Is it acceptable to perform the Aqiqah for a male child by slaughtering and distributing the first sheep, and bringing the second one cooked from the restaurant?
Praise be to Allah, and peace and blessings be upon our master, the Messenger of Allah.
It is permissible to slaughter the first sheep with the intention of Aqiqah (the newborn's sacrificial offering) and distribute it entirely [uncooked], and to slaughter the second sheep and have it cooked at a restaurant to bring home for the household. However, it must be noted that it is obligatory to give some portion of the Aqiqah in charity to the poor, even if it is a small amount, though it is preferable to send the food cooked to them.
Buying a pre-cooked, ready-made sheep from a restaurant does not suffice as an Aqiqah. However, if an agreement is made with the restaurant to explicitly slaughter a sheep with the intention of Aqiqah for the newborn, and then cook it afterward, this is permissible.
In conclusion, slaughtering the sheep and distributing it with the intention of Aqiqah is permissible, and through it, the foundational prophetic tradition (Sunnah) is fulfilled. As for simply buying a cooked sheep from a restaurant that was not specifically slaughtered with the intention of Aqiqah, it will not count as such. Conversely, if the restaurant owner is commissioned (Wakala) to handle both the slaughtering and the cooking as an Aqiqah, it is valid. And Allah the Almighty knows best.
Which is more excellent for a woman: to pray in the mosque or in her house?
Praise be to Allah, and peace and blessings be upon our Master, the Messenger of Allah.
Our Master the Prophet ﷺ said: 'It is more excellent for a woman to pray in her house than in her courtyard, and more excellent for her to pray in her private chamber than in her house.' Therefore, a woman’s adherence to her home and her refraining from going to the mosques—in obedience to the command of Allah the Exalted—attains a great reward and abundant recompense. Furthermore, women praying in congregation within their homes is better than their attendance at the mosques, based on the aforementioned Hadith. And Allah the Exalted knows best.
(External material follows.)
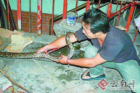 前日凌晨5點,接到景洪市畫家楊洪榮的熱線電話,記者從睡夢中躍起,驅(qū)車趕到位于版納氣象局住宿區(qū)內(nèi)的一間民宅。只見其二樓陽臺上燈火通明,7名男女的身影正在樓上緊張地晃來晃去,原來,楊洪榮的家中發(fā)現(xiàn)了一條手臂粗的蟒蛇,幾人正在與蟒蛇進行著激烈的搏斗。
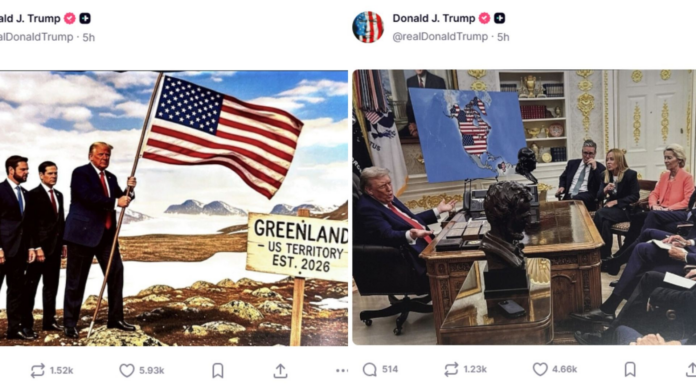 Na montagem, Trump aparece em uma paisagem ártica segurando a bandeira dos EUA acompanhado por seu vice, J.D. Vance, e o secretário de Estado, Marco Rubio. Perto deles, uma placa diz “Groenlândia: território dos EUA estabelecido em 2026”. (Veja na imagem abaixo)

What is the ruling of Islamic Law on a latecomer who joins the imam during the standing position of the first rakʿah but was unable to complete the recitation of al-Fātiḥah?
All praise is due to Allah, and peace and blessings be upon our master the Messenger of Allah ﷺ.
If a latecomer (masbuq) joins the prayer while the imam is standing, he should begin reciting Sūrat al-Fātiḥah immediately, without pausing to recite the opening supplication (duʿāʾ al-istiftāḥ) or the seeking of refuge (taʿawwudh). If the imam bows before he completes al-Fātiḥah, he follows the imam into the bow and leaves whatever remains of al-Fātiḥah — the imam bears it on his behalf.
It is stated in ʿUmdat al-Sālik (p. 47): "If a latecomer finds the imam standing and is confident that he has enough time to recite the taʿawwudh and al-Fātiḥah in full, he may do so. If he is uncertain, he should neither recite the opening supplication nor the taʿawwudh, but rather begin directly with al-Fātiḥah. If the imam bows before he completes it, he follows him into the bow — provided he had not already begun the opening supplication or the taʿawwudh. If he had begun either of them, he continues reciting al-Fātiḥah for as long as he spent on them." And Allah the Almighty knows best.
I have a brother who is harsh in his dealings [with me], and many problems have occurred between us, and I do not intend to reconcile with him. What is the ruling of Islamic Law on that?
All praise is due to Allah, and peace and blessings be upon our master, the Messenger of Allah.
It is not permissible for a Muslim to abandon or boycott his fellow Muslim brother for more than three days. This is based on the saying of the Messenger of Allah, peace and blessings be upon him: "It is not lawful for a Muslim to forsake his brother for more than three [days], meeting each other but one turns away and the other turns away, and the better of the two is the one who initiates the greeting (salam)." (Reported by al-Bukhari.)
A Muslim must strive to end such estrangement (hajr), so as not to fall under the prohibition mentioned in the hadith. If he takes the initiative to reconcile but the other party does not respond, then there is no sin upon him. We remind [ourselves] of the saying of Allah, the Exalted: "And let them pardon and overlook. Do you not wish that Allah should forgive you? And Allah is Forgiving and Merciful." (An-Nur/22). And Allah, the Exalted, knows best.